### THE TASK
The whole listing should come back exactly as written, except for the pictures.

### INFORMATION SUPPLIED
:::::

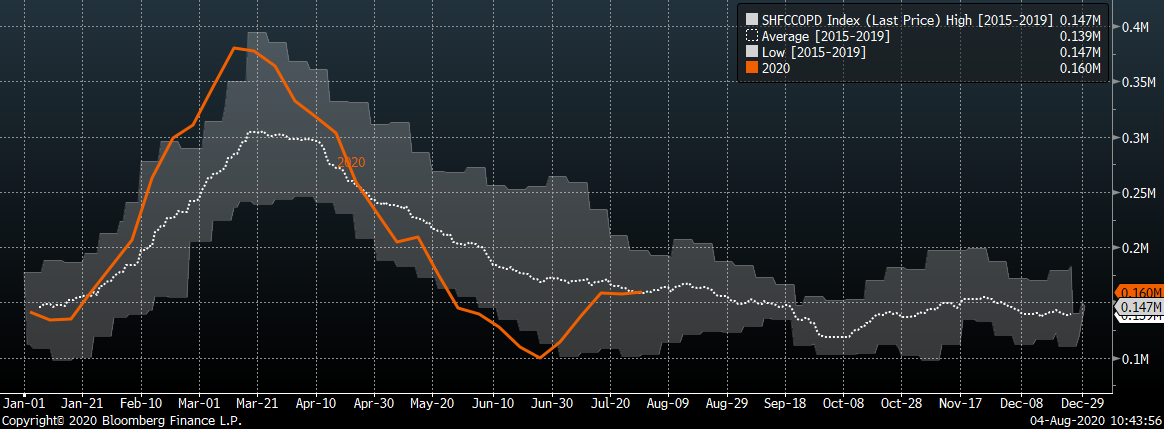- Hay muchas preocupaciones sobre una mayor recuperación de la demanda de los niveles actuales, Marathon Petroleum informa de una disminución en la demanda de gasolina en el suroeste (un área de demanda clave) a medida que aumentan los casos de coronavirus. Al mismo tiempo, la compañía mostró resultados bastante pobres para el segundo trimestre del año.
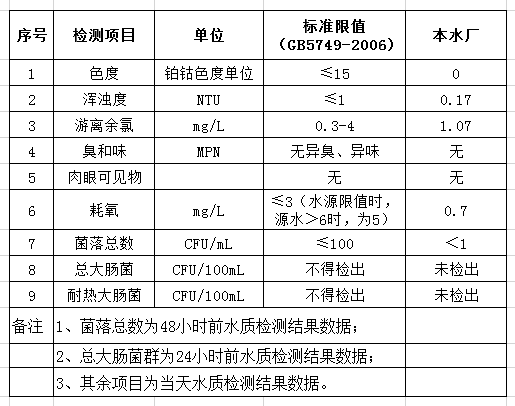 先生店水廠2020年1月14日出廠水水質(zhì)公告
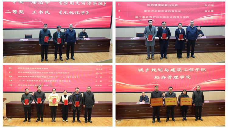 大會(huì)表彰了我校2023年教育教學(xué)研討會(huì)優(yōu)秀論文、優(yōu)秀組織單位、陜西省高等教育優(yōu)秀教材獎(jiǎng)、陜西高校創(chuàng)新創(chuàng)業(yè)課程、第二批陜西省課程思政示范課程、陜西本科教育教學(xué)改革研究項(xiàng)目、第五屆陜西本科高校教師教學(xué)創(chuàng)新大賽、陜西高校思政課程課程思政“大練兵”省級(jí)展示活動(dòng)獲獎(jiǎng)教師。
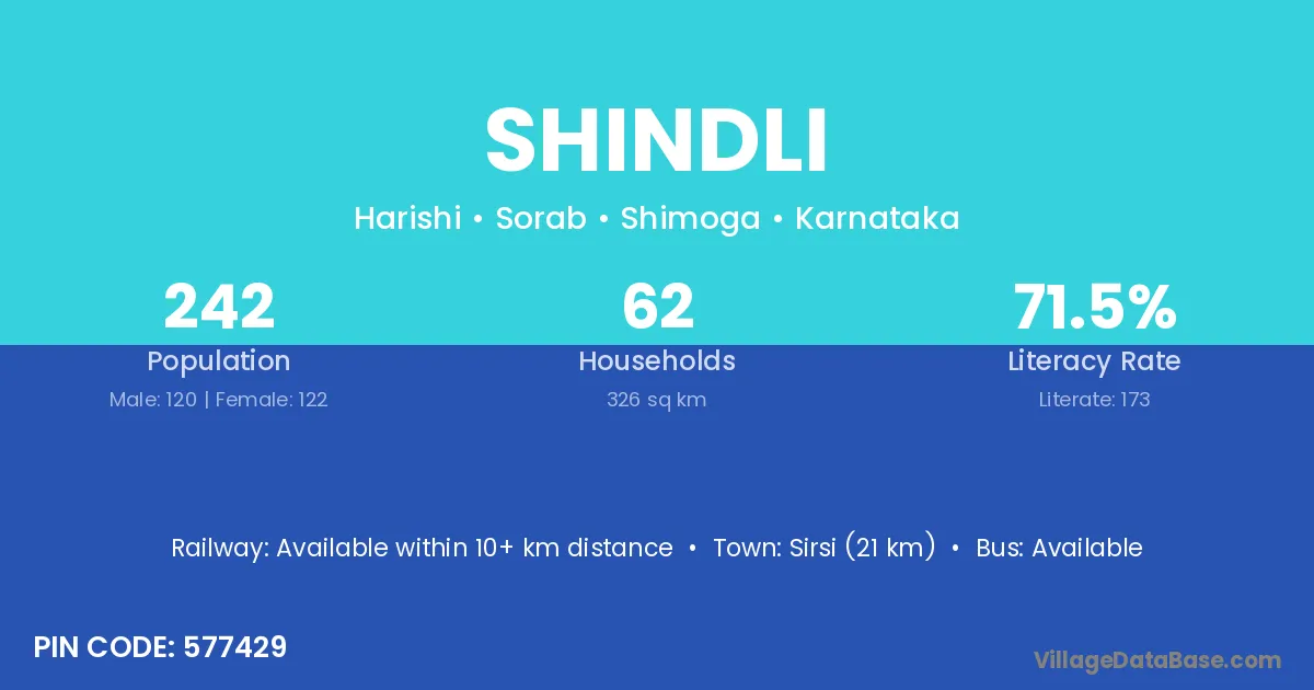Sirsi (21 km) is the nearest town to Shindli village for major economic activities and is located approximately 21 km away.

:::::

### ANSWER FOR THIS EXERCISE
- Hay muchas preocupaciones sobre una mayor recuperación de la demanda de los niveles actuales, Marathon Petroleum informa de una disminución en la demanda de gasolina en el suroeste (un área de demanda clave) a medida que aumentan los casos de coronavirus. Al mismo tiempo, la compañía mostró resultados bastante pobres para el segundo trimestre del año.
 先生店水廠2020年1月14日出廠水水質(zhì)公告
 大會(huì)表彰了我校2023年教育教學(xué)研討會(huì)優(yōu)秀論文、優(yōu)秀組織單位、陜西省高等教育優(yōu)秀教材獎(jiǎng)、陜西高校創(chuàng)新創(chuàng)業(yè)課程、第二批陜西省課程思政示范課程、陜西本科教育教學(xué)改革研究項(xiàng)目、第五屆陜西本科高校教師教學(xué)創(chuàng)新大賽、陜西高校思政課程課程思政“大練兵”省級(jí)展示活動(dòng)獲獎(jiǎng)教師。
Sirsi (21 km) is the nearest town to Shindli village for major economic activities and is located approximately 21 km away.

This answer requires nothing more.